В предпоследней главе повествователь вновь обращается к впечатлениям от религиозных собраний на Светлояре, и оказывается, что он все-таки слышал там «живое слово». Во время очень тонкого религиозного спора по очень частному вопросу в разговор неожиданно вмешался старик и рассказал простой житейский случай. Спор был испорчен, и хотя спорящие стороны нисколько не были поколеблены, слушавшие их разошлись, «унося, быть может, не одно проснувшееся сомнение» (3, 230). Следствием «живого слова» для Короленко всегда было благотворное сомнение в любой однозначной точке зрения, упрощающей сложность жизни. Финальная же главка рассказа еще более усложняет поставленные проблемы. В этой главке на перевозе появляются уреневцы. С обычным для них пренебрежением рассматривают они повествователя и его собеседников и властно требуют перевоз. Вялый, апатичный Тюлин, всегда философски относившийся к подобным требованиям и вопрос, задаваемый им самому себе, действительно ли нужен прибывшим перевоз, неизменно решавший отрицательно, т. е. в свою пользу, вдруг резко меняется. Он немедленно садится в лодку, гребет изо всех сил, а затем находит длинные шесты, отсутствие которых ранее чуть не привело к катастрофе. Что же заставило нерадивого перевозчика быть столь расторопным?
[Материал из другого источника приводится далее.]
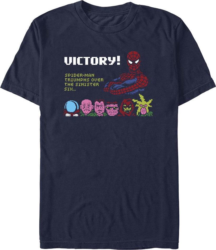 This Spider-Man t-shirt shows Spidey victorious over The Sinister Six in the 1992 video game Spider-Man: Return of the Sinister Six.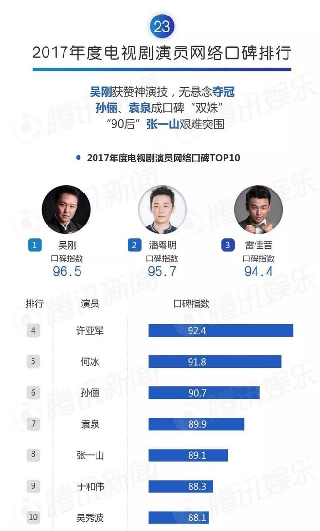 而事情的另一面则是,《人民的名义》以平均收视率3.661、单集最高收视破7的傲人成绩成为当之无愧的年度剧王。在剧中扮演达康书记的吴刚也成为现象级偶像。“守护达康书记GDP”的热门话题瞬间刷频社交媒体。吴刚也凭借口碑和人气认证,获得“电视剧年度之星”。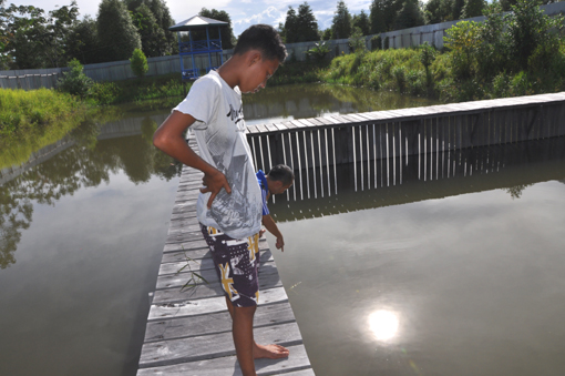 ゆったりとした飼育スタイル。(池を見つめるハリムンさんの息子)

Уреневцев никто не любит, но их все боятся и им все подчиняются. Мудрый скептицизм и благотворное сомнение, умение смотреть на жизнь с различных точек зрения, признавая одинаково справедливыми иногда прямо противоположные мнения, правила, обычаи, часто оказываются слабее прямолинейной, однозначной, но стойкой, нерассуждающей веры, упрощающей реальную сложность жизни, но всегда дающей ощущение силы как исповедующим эту веру, так и тем, кто с ними сталкивается. Этой силе и подчиняются Тюлин и окружающие его ветлужане, и хотя симпатии автора целиком на их стороне, он отдает должное позиции уреневцев, сравнивая их с пуританами и индепендентами времен Кромвеля, всегда «надменно смотревшими на простодушных грешников своей страны» (3, 235).